History is littered with awe-inspiring individuals who by their courage and conviction have altered the course of human civilisation - for good or ill. Examples are too many to name but think for instance of Martin Luther, William Wilberforce, Herr Hitler, Christopher Colombus, Oliver Cromwell, Charles Darwin, William Tyndale, Albert Einstein, Henry VIII, William the Conqueror and so on. One could also argue that on this weekend (as we celebrate Queen Elizabeth's Diamond Jubilee) the abdication by Edward VIII was a courageous act that altered the course of British/world history. The power of one person (or a group of persons) to impact the course of history is something we find time and time again in the history books. All this said, we would be fools to ignore/fail to recognize, the one King, whose reign has had the most impact on the life of mankind on earth...

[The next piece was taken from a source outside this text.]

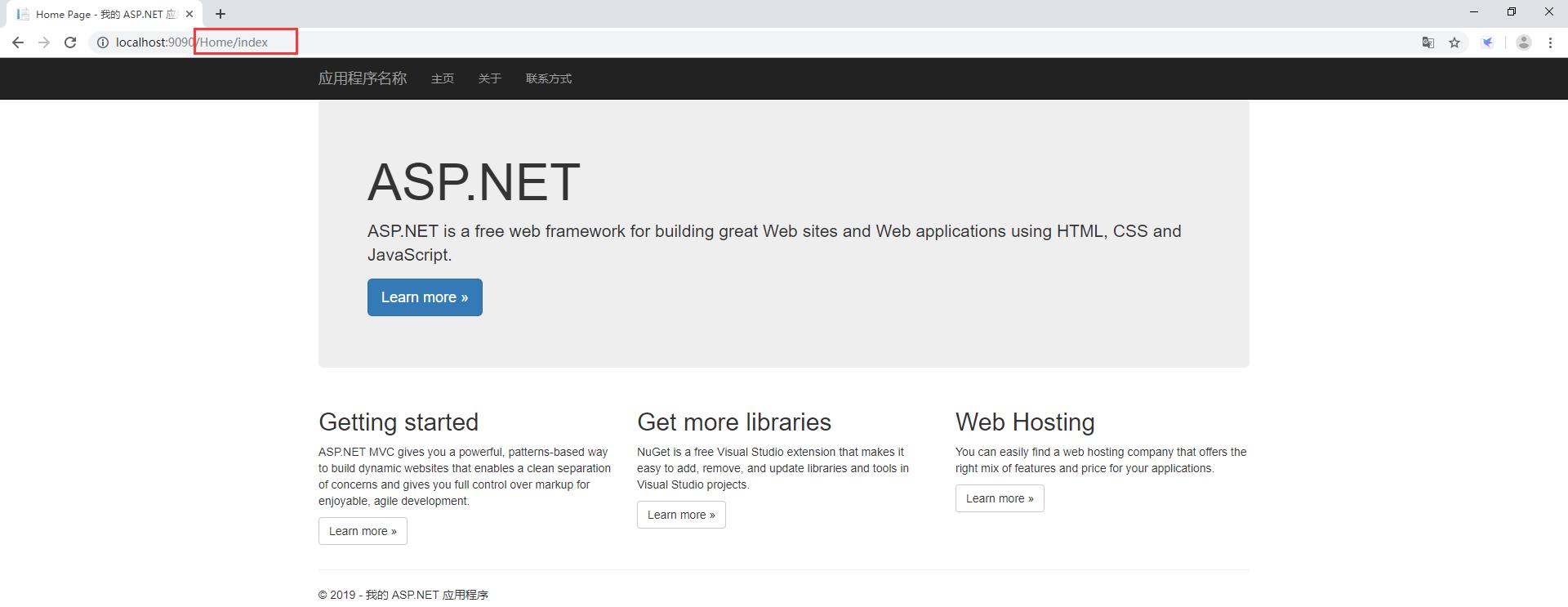 这时在访问一下新建MVC项目时自带的HomeController控制器的Index页面,浏览器运行效果如下:

He was born in an obscure village, 
            the son of a peasant woman.
He grew up in another village, 
            where he worked in a carpenter's shop until he was thirty. 
Then for three years he became a wandering preacher.


He never wrote a book. 
He never held an office. 
He never had a family or owned a house. 
He didn't go to college. 
He never visited a big city. 
He never travelled two hundred miles from the place where he was born. 
He did none of those things one usually associates with greatness.
He had no credentials but himself.


He was only thirty-three when the tide of public opinion turned against him. 
His friends ran away. 
He was turned over to his enemies and went through a mockery of a trial. 
He was executed by the state. 
While he was dying, his executioners gambled for his clothing, 
           the only property he had on earth. 
When he was dead he was laid in a borrowed grave through the pity of a friend.


Twenty centuries have come and gone, 
and today 
          he is the central figure of the human race and the leader of mankind's progress. 


All the armies that ever marched, 
all the navies that ever sailed,
all the parliaments that ever sat, 
all the kings that ever reigned, put together, 
have not affected the life of man on this earth as much as that One Solitary Life.